*** Opening of PROVIDED DATA ***

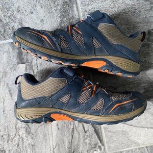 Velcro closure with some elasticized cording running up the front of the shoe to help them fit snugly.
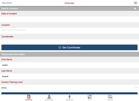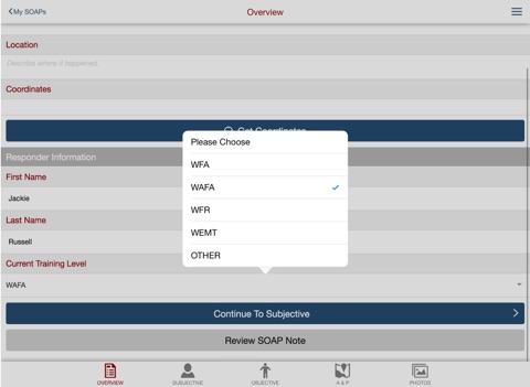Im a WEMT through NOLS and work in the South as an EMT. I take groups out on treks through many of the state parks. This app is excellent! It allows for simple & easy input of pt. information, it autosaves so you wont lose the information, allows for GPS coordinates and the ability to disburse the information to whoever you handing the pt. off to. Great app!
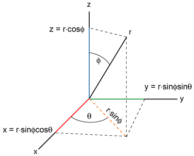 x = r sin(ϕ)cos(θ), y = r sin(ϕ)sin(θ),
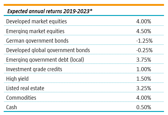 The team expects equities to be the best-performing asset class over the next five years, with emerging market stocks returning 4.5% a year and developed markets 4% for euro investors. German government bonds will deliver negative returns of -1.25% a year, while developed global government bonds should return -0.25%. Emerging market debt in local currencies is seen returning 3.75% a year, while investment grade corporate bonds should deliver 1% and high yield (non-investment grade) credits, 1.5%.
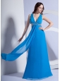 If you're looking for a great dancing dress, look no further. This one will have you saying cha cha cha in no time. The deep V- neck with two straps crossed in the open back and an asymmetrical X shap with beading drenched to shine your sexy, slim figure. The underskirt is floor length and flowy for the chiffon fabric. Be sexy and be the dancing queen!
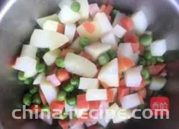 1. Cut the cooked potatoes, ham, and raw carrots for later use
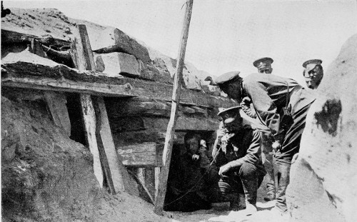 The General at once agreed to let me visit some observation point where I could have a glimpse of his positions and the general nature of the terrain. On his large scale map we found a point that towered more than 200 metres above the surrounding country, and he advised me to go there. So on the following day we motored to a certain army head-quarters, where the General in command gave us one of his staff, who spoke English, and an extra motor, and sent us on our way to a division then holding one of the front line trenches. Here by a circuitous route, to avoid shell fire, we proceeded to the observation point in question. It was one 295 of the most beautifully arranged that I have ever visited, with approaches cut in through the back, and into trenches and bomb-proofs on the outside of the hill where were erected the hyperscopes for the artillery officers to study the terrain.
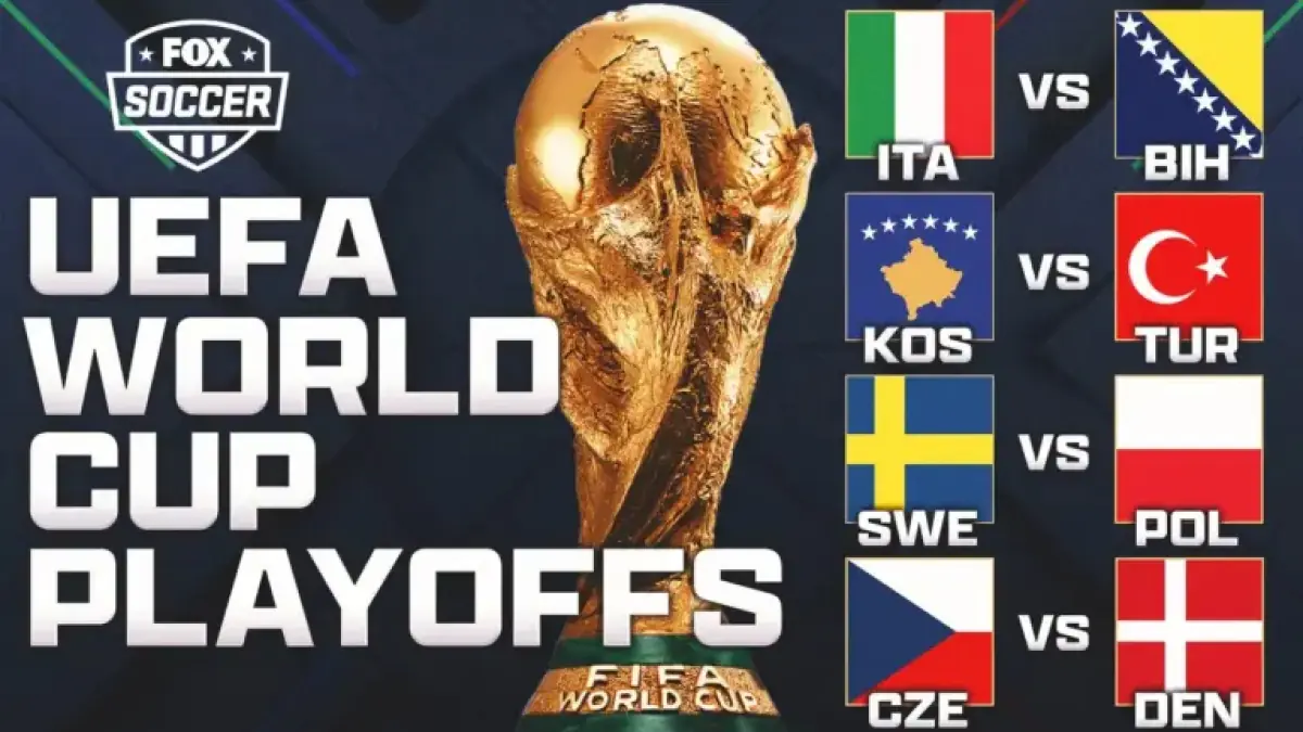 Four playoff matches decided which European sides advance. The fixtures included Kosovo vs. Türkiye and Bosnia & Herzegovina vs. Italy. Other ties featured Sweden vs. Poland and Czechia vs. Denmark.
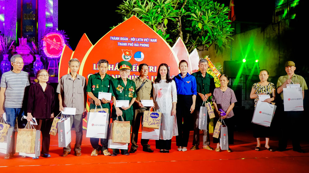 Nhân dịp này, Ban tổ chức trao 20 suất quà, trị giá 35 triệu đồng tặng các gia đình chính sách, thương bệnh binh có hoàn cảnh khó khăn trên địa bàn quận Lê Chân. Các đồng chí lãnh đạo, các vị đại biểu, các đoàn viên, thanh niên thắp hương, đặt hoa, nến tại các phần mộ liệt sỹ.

*** Close of PROVIDED DATA ***

DESCRIPTION OF THE TASK
Using the records above, print exactly the lines between the ones containing "The team expects" and "Four playoff matches", inclusive, and nothing else; no pictures.

OUTPUT OF THE EXERCISE
 The team expects equities to be the best-performing asset class over the next five years, with emerging market stocks returning 4.5% a year and developed markets 4% for euro investors. German government bonds will deliver negative returns of -1.25% a year, while developed global government bonds should return -0.25%. Emerging market debt in local currencies is seen returning 3.75% a year, while investment grade corporate bonds should deliver 1% and high yield (non-investment grade) credits, 1.5%.
 If you're looking for a great dancing dress, look no further. This one will have you saying cha cha cha in no time. The deep V- neck with two straps crossed in the open back and an asymmetrical X shap with beading drenched to shine your sexy, slim figure. The underskirt is floor length and flowy for the chiffon fabric. Be sexy and be the dancing queen!
 1. Cut the cooked potatoes, ham, and raw carrots for later use
 The General at once agreed to let me visit some observation point where I could have a glimpse of his positions and the general nature of the terrain. On his large scale map we found a point that towered more than 200 metres above the surrounding country, and he advised me to go there. So on the following day we motored to a certain army head-quarters, where the General in command gave us one of his staff, who spoke English, and an extra motor, and sent us on our way to a division then holding one of the front line trenches. Here by a circuitous route, to avoid shell fire, we proceeded to the observation point in question. It was one 295 of the most beautifully arranged that I have ever visited, with approaches cut in through the back, and into trenches and bomb-proofs on the outside of the hill where were erected the hyperscopes for the artillery officers to study the terrain.
 Four playoff matches decided which European sides advance. The fixtures included Kosovo vs. Türkiye and Bosnia & Herzegovina vs. Italy. Other ties featured Sweden vs. Poland and Czechia vs. Denmark.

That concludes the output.